**The task**
A full, word-for-word copy of the listing below is needed; leave the images out of it.

**Data section**
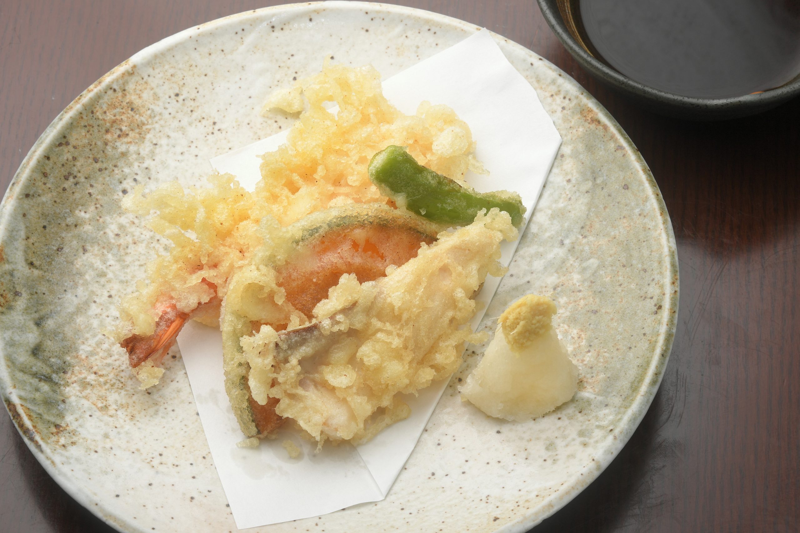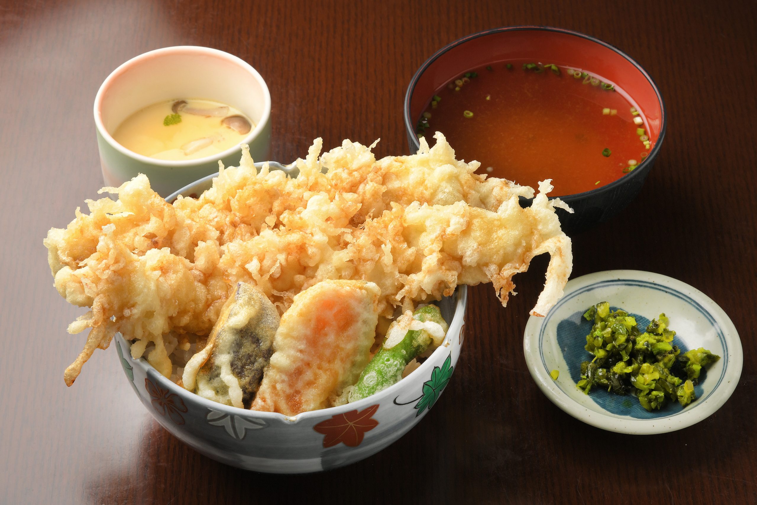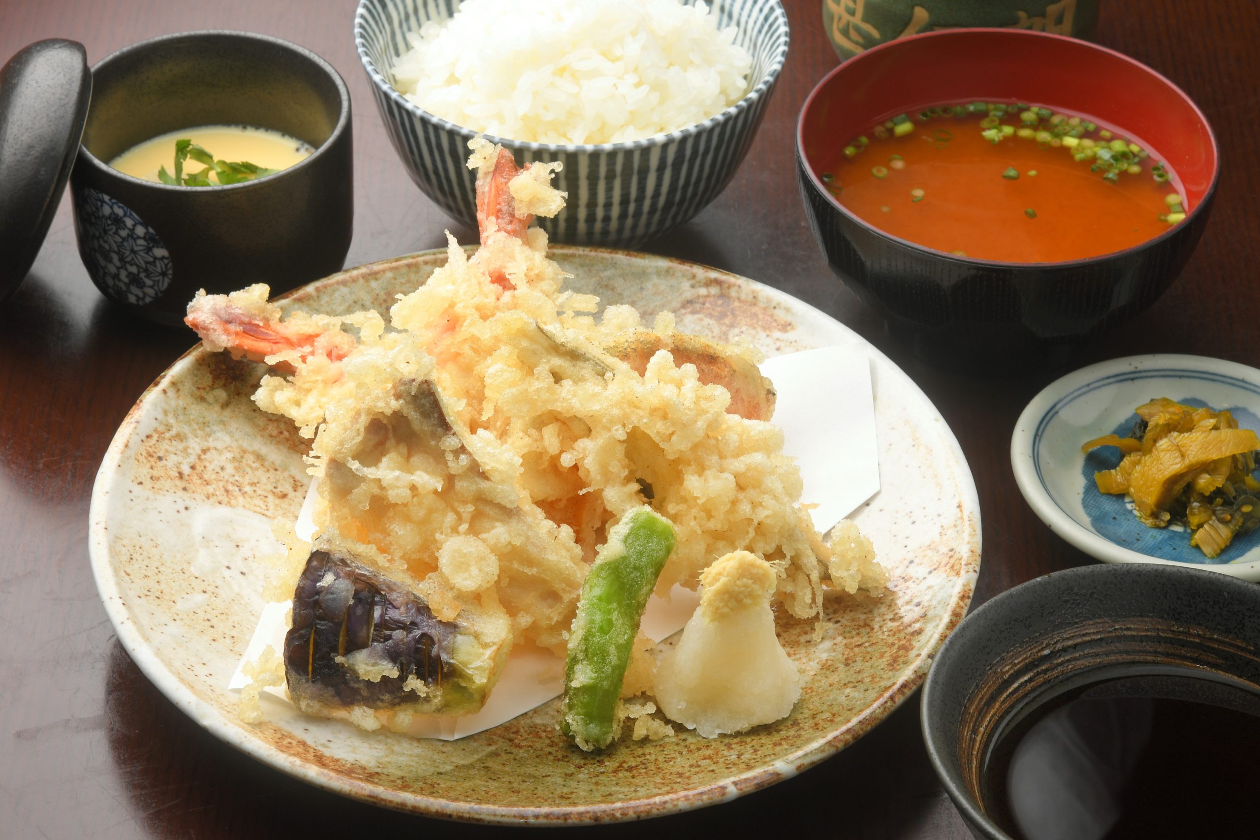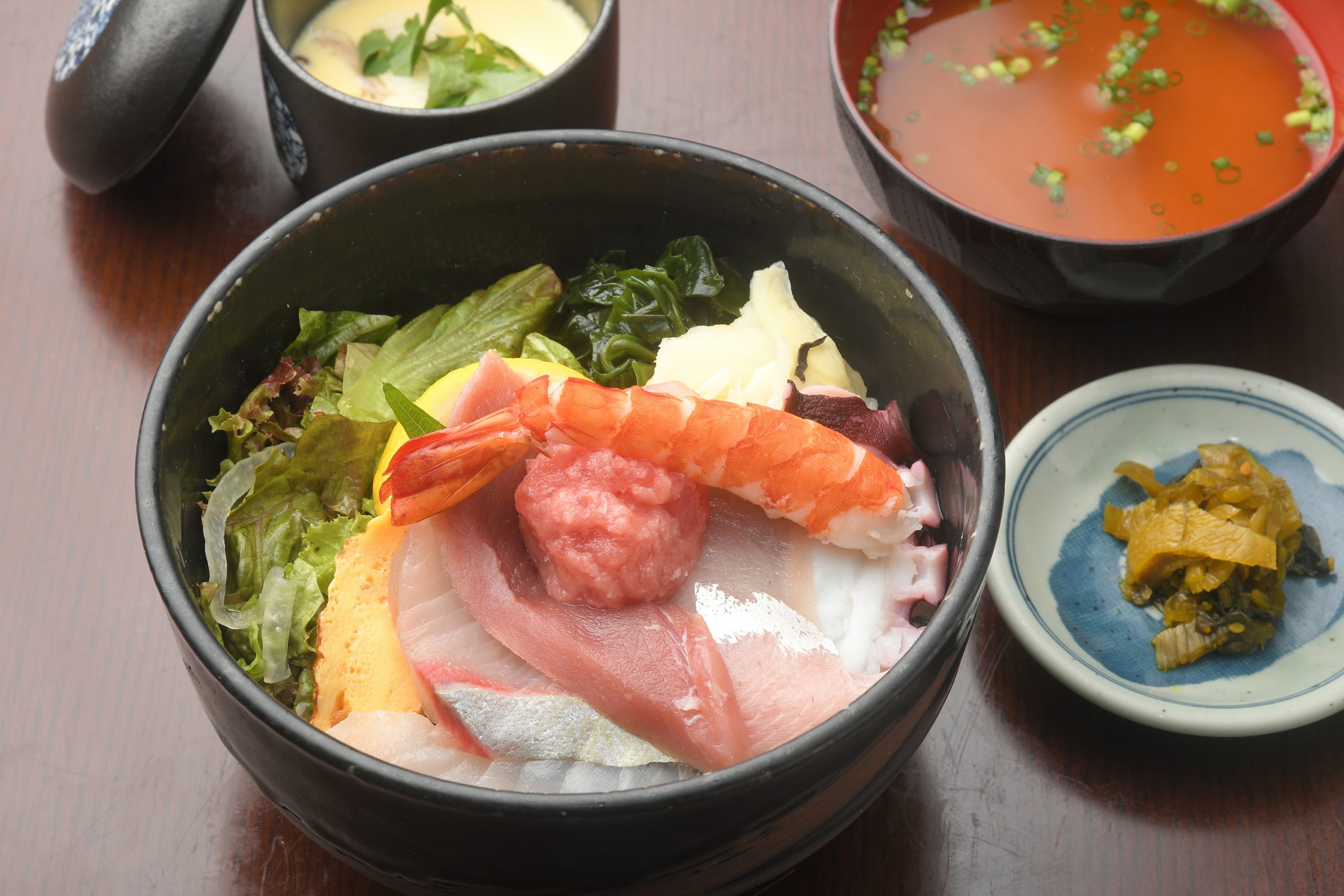 您可以悠闲地享用包含海鲜沙拉、刺身、天妇罗、水煮鱼、握寿司,当然还有茶碗蒸和一碗米饭的午餐。
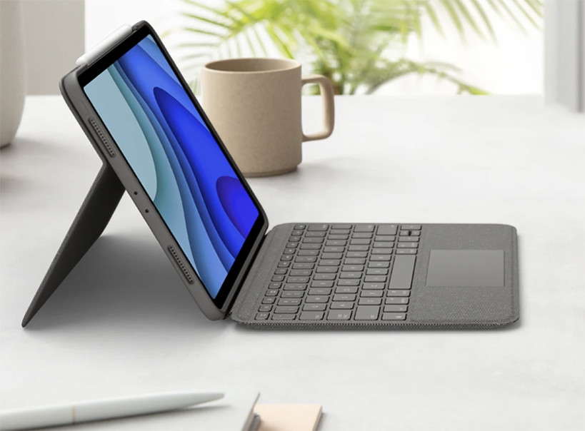 로지텍 폴리오 터치는 트랙패드가 탑재되어 아이패드를 노트북 대용으로 활용할 수 있는 키보드 케이스다. 스마트 커넥터를 통해 호환돼 빠르고 편하게 페어링과 작동이 되는 점이 특징이며, 아이패드 에어에서 직접 전원을 공급받아 별도 충전이 필요 없다.
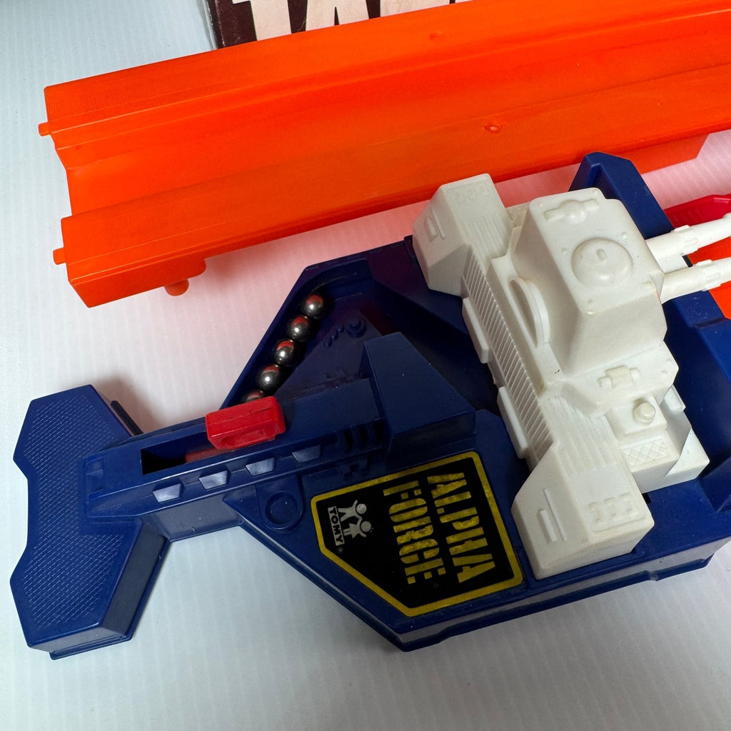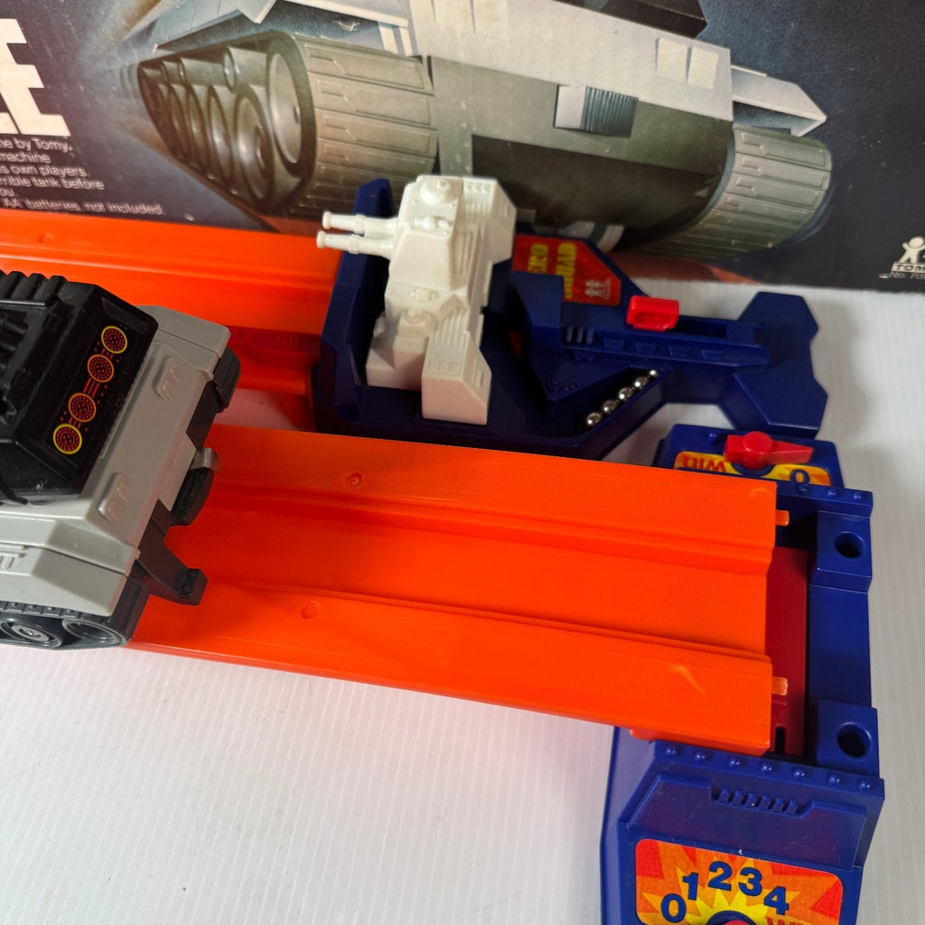 The set includes a distinctive gray and black tank with bold red and yellow lettering, two white anti-tank gun stations, and bright orange plastic track lanes with blue supports. The compact layout measures approximately 41" by 6½" and is designed for ages 6 and up. The original box shows detailed artwork and photos of children enjoying the game, adding to its collectible appeal. Ideal for vintage game collectors or fans of nostalgic mechanical games, this Tomy classic offers a fun and interactive play experience.This product is in Used condition.
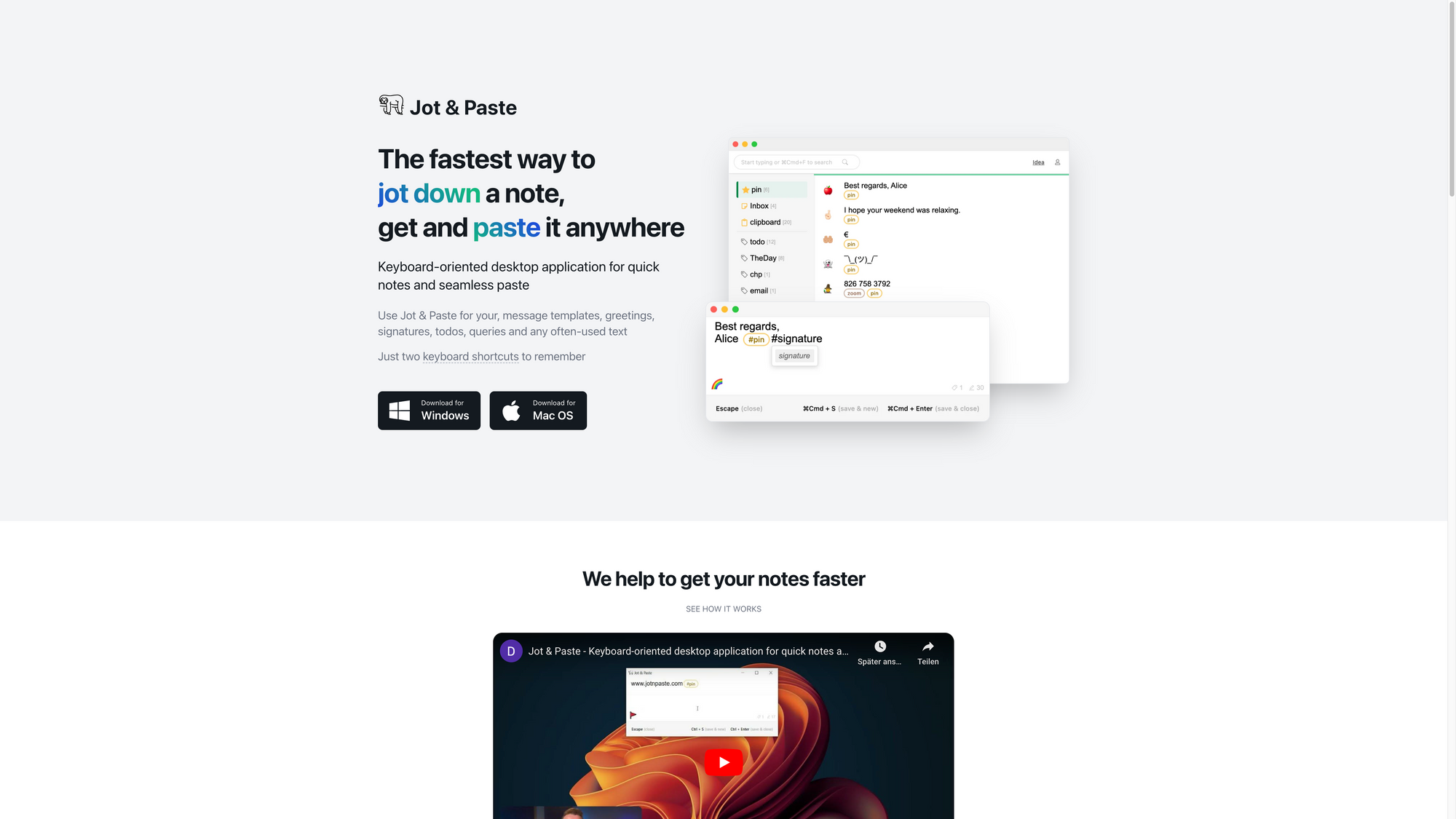 I am seeing a demand for quick capture apps or at least possibilities to quickly capture notes, thoughts, and ideas, and somehow connect them to your general notes. Most of the apps I have discovered within that field over the last couple of months were all built for mobile operating systems. Jot & Paste follows a similar approach of giving you the possibility to quickly jot down and save a note, but compared to all the mobile-oriented quick capture apps, Jot & Paste was built for Windows and macOS as a desktop application. On its website, Jot & Paste even states it be "the fastest way to jot down a note, ...". Jot & Paste was built to help you get your notes faster, by delivering a truly keyboard-driven experience. All you need to do is to remember two keyboard shortcuts. The first one is Cmd+Shift+Enter (or Ctrl+Shift+Enter on a Windows PC) to bring up the Jot & Paste input window. No matter which app is currently open on your desktop, hitting this shortcut lets you quickly jot down a note.

**Exercise response**
 您可以悠闲地享用包含海鲜沙拉、刺身、天妇罗、水煮鱼、握寿司,当然还有茶碗蒸和一碗米饭的午餐。
 로지텍 폴리오 터치는 트랙패드가 탑재되어 아이패드를 노트북 대용으로 활용할 수 있는 키보드 케이스다. 스마트 커넥터를 통해 호환돼 빠르고 편하게 페어링과 작동이 되는 점이 특징이며, 아이패드 에어에서 직접 전원을 공급받아 별도 충전이 필요 없다.
 The set includes a distinctive gray and black tank with bold red and yellow lettering, two white anti-tank gun stations, and bright orange plastic track lanes with blue supports. The compact layout measures approximately 41" by 6½" and is designed for ages 6 and up. The original box shows detailed artwork and photos of children enjoying the game, adding to its collectible appeal. Ideal for vintage game collectors or fans of nostalgic mechanical games, this Tomy classic offers a fun and interactive play experience.This product is in Used condition.
 I am seeing a demand for quick capture apps or at least possibilities to quickly capture notes, thoughts, and ideas, and somehow connect them to your general notes. Most of the apps I have discovered within that field over the last couple of months were all built for mobile operating systems. Jot & Paste follows a similar approach of giving you the possibility to quickly jot down and save a note, but compared to all the mobile-oriented quick capture apps, Jot & Paste was built for Windows and macOS as a desktop application. On its website, Jot & Paste even states it be "the fastest way to jot down a note, ...". Jot & Paste was built to help you get your notes faster, by delivering a truly keyboard-driven experience. All you need to do is to remember two keyboard shortcuts. The first one is Cmd+Shift+Enter (or Ctrl+Shift+Enter on a Windows PC) to bring up the Jot & Paste input window. No matter which app is currently open on your desktop, hitting this shortcut lets you quickly jot down a note.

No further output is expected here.